The Kavanaugh nightmare was an oppo research political hit that had been set up weeks earlier. Ben Shapiro might think he is wrecking Ford’s argument by saying she “couldn’t name any of the people at the party.” However, it is a far worse thing to name people you are using and threatening to promote a fake story. That’s a plot. That’s extortion. And that’s witness tampering. Harris was involved in all of this with Ford, and Ben Shapiro ought to have said so. Leftist journalism is wretched, we all know that. Conservative journalism needs to do better. Shapiro should have consulted me for his story. Indeed, he had every opportunity to do so.
It’s painful to say because I loathe the mainstream media so much, but journalistic malpractice is also killing conservative journalism. Despite my being near the center of the Kavanaugh blast, several conservative outlets did not review my book about the experience or show any interest in an interview.
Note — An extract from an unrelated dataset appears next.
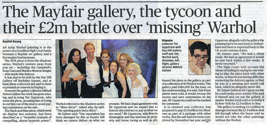 http://www.standard.co.uk/news/the-mayfair-gallery-the-tycoon-and-their-2m-battle-over-missing-warhol-6433354.html An Andy Warhol painting is at the centre of a £2 million High Court battle between a Mayfair art gallery and a Norwegian businessman. The 1978 piece is from the Shadows series, Warhol's venture away from pop art - including the Campbell's Soup Cans and Marilyn Monroe images - that made him famous. It was due to be sold by the Hay Hill Gallery off Berkeley Square, and at least three collectors are said to have expressed an interest in buying it. However, the gallery's director Mikhail Zaitsev claims the work has gone missing and is suing Tor Uppstrom, who owns the piece, accusing him of trying to cut him out of the deal to avoid paying commission on the sale. The black-and-blue piece, which went on display last summer, has been described as a "beautiful example of compelling, almost hypnotic power". Warhol referred to the Shadows series as "disco décor". Asked why, he said: "The opening party had a disco". Mr Zaitsev said: "Our reputation has been damaged by this as buyers will think we cannot deliver on what we promise. We had a legal agreement with Mr Uppstrom and we expect him to honour the contract or pay us what we are owed." Mr Uppstrom, who lives in Kensington and has interests in property and horse racing as well as art, loaned the piece to the gallery as part of a collection of 40 Warhol works. The gallery paid £184,000 for the loan, on the understanding, it is said, that if any pieces were sold, it would recoup the money and earn commission on the sale. Mr Uppstrom could not be reached for comment. It is claimed one collector was prepared to pay £3.5 million for Shadows as part of a package with other works. But the sale had not been completed by November last year and Mr Uppstrom allegedly told the gallery the painting had to be sent back to Switzerland and then re-exported back to the UK avoid customs duties. Mr Zaitsev said: "We had a client ready. We had an agreement it would be sent back within a few weeks. It never returned." The High Court writ accuses the owner of stalling by saying he was waiting to ship the piece back with other works, or that he was having difficulty contacting the delivery agents, or that he was in a meeting and would call back, which he allegedly never did. Mr Zaitsev believes Mr Uppstrom felt he could make more money if he sold it himself and cut out the gallery. A similar Warhol work sold at Sotheby's in New York for £2.9 million in May. The gallery is seeking £2.1 million in damages because the £3.5 million deal fell through when the buyer said he would not take the other paintings without the Warhol. |

Even conservative journalists who were writing books about Kavanaugh did not bother to contact me. One of the few conservative outlets that did review my book The Devil’s Triangle managed to, as one of my childhood friends put it, “get you and us exactly, 100% wrong.” How can we scold the liberal media when our side is doing such a poor job?
In the last thirty years, it has been rewarding watching the rise of conservative media and how it challenges the narratives of fake news. Yet to truly replace them, we need to do better. Otherwise, the Tucker debacle is just the beginning.